> Exercise brief:
Transcribe the lines below verbatim, skipping the images.

> Raw data:
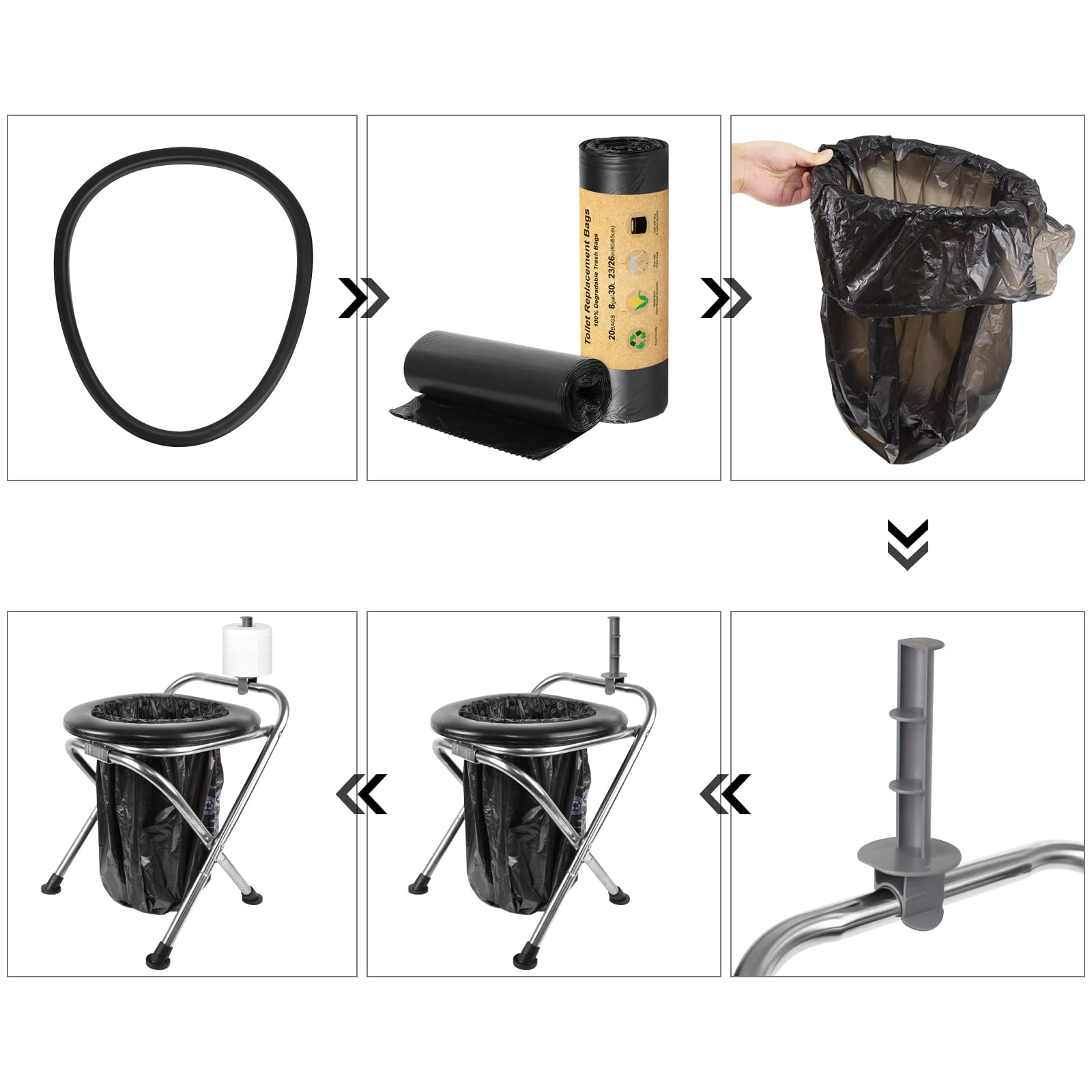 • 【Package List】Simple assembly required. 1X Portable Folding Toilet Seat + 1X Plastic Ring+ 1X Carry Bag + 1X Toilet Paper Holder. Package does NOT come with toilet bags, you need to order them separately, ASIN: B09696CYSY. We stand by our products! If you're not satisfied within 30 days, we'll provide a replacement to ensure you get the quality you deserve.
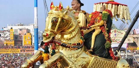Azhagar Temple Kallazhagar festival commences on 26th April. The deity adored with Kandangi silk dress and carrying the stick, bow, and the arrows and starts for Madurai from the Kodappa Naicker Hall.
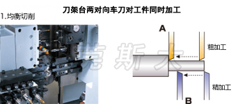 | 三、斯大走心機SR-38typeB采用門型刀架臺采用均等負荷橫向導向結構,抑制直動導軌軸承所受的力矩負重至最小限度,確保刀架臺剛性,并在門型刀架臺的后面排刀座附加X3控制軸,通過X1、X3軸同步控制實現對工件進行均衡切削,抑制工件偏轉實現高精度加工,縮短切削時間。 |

> Reply:
 • 【Package List】Simple assembly required. 1X Portable Folding Toilet Seat + 1X Plastic Ring+ 1X Carry Bag + 1X Toilet Paper Holder. Package does NOT come with toilet bags, you need to order them separately, ASIN: B09696CYSY. We stand by our products! If you're not satisfied within 30 days, we'll provide a replacement to ensure you get the quality you deserve.
Azhagar Temple Kallazhagar festival commences on 26th April. The deity adored with Kandangi silk dress and carrying the stick, bow, and the arrows and starts for Madurai from the Kodappa Naicker Hall.
 | 三、斯大走心機SR-38typeB采用門型刀架臺采用均等負荷橫向導向結構,抑制直動導軌軸承所受的力矩負重至最小限度,確保刀架臺剛性,并在門型刀架臺的后面排刀座附加X3控制軸,通過X1、X3軸同步控制實現對工件進行均衡切削,抑制工件偏轉實現高精度加工,縮短切削時間。 |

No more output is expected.